* _PROBLEM STATEMENT_
Pictures in the listing below are skipped, while the lines from the "Stéphane Dujarric, Spokesperson" line through the "刘云志收藏的不少老照片系从海" line are returned word for word.

[[ RECORDS FOR PROCESSING open ]]

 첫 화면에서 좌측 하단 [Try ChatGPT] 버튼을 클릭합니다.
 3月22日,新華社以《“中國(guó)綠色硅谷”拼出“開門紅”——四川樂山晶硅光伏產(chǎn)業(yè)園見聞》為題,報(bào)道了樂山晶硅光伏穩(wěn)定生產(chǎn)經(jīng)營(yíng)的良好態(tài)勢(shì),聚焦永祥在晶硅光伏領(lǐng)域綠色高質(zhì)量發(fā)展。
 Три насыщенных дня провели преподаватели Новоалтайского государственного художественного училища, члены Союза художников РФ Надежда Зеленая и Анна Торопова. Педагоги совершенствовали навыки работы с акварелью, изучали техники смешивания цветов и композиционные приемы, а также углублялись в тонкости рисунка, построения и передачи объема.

[[ RECORDS FOR PROCESSING closed ]]
[[ RECORDS FOR PROCESSING open ]]

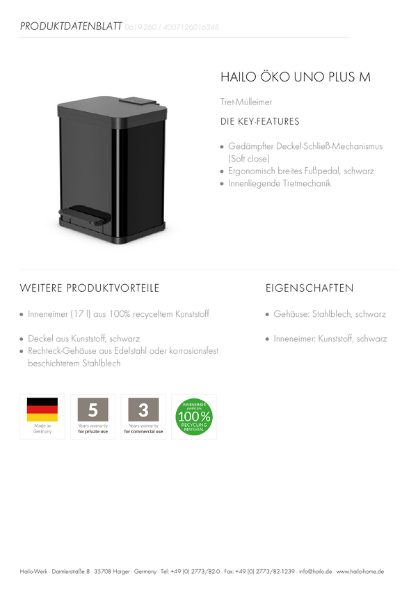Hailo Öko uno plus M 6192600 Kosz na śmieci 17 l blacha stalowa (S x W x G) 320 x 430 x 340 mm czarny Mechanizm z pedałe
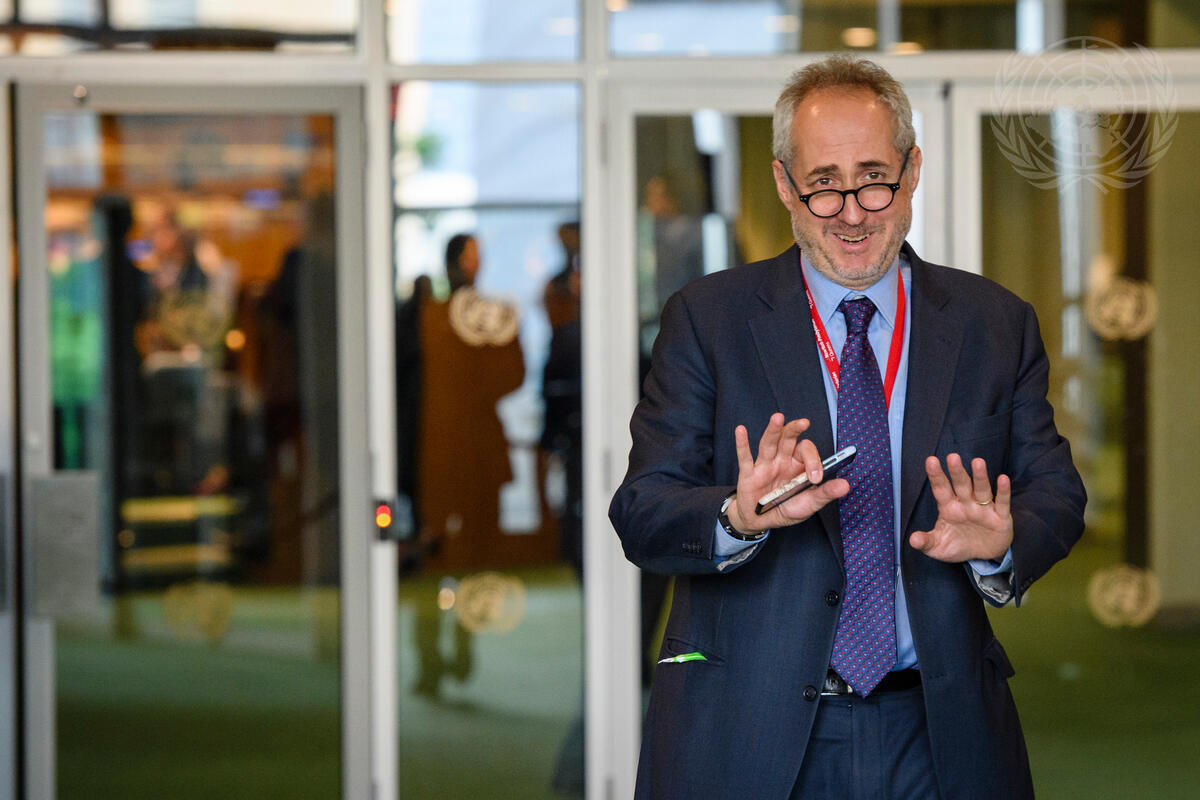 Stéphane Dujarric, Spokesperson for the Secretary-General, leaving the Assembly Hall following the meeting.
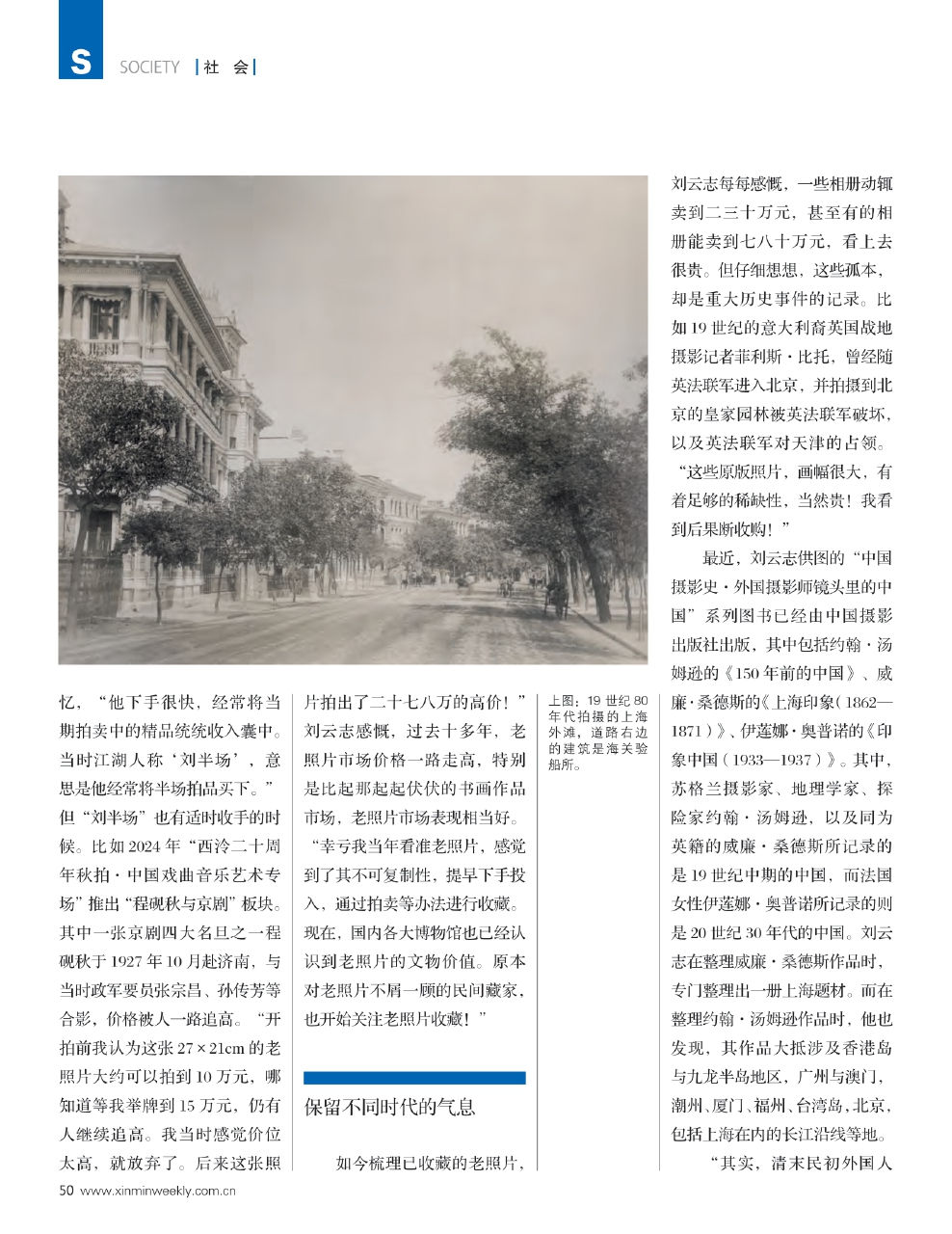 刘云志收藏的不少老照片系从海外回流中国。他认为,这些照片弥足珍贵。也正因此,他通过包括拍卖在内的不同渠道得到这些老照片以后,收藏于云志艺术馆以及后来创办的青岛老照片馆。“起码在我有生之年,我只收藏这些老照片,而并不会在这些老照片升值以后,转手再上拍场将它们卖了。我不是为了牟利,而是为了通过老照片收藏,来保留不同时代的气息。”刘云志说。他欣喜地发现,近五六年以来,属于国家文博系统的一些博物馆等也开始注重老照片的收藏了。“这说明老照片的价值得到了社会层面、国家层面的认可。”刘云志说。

[[ RECORDS FOR PROCESSING closed ]]

* _REPLY TO THE TASK_
 Stéphane Dujarric, Spokesperson for the Secretary-General, leaving the Assembly Hall following the meeting.
 刘云志收藏的不少老照片系从海外回流中国。他认为,这些照片弥足珍贵。也正因此,他通过包括拍卖在内的不同渠道得到这些老照片以后,收藏于云志艺术馆以及后来创办的青岛老照片馆。“起码在我有生之年,我只收藏这些老照片,而并不会在这些老照片升值以后,转手再上拍场将它们卖了。我不是为了牟利,而是为了通过老照片收藏,来保留不同时代的气息。”刘云志说。他欣喜地发现,近五六年以来,属于国家文博系统的一些博物馆等也开始注重老照片的收藏了。“这说明老照片的价值得到了社会层面、国家层面的认可。”刘云志说。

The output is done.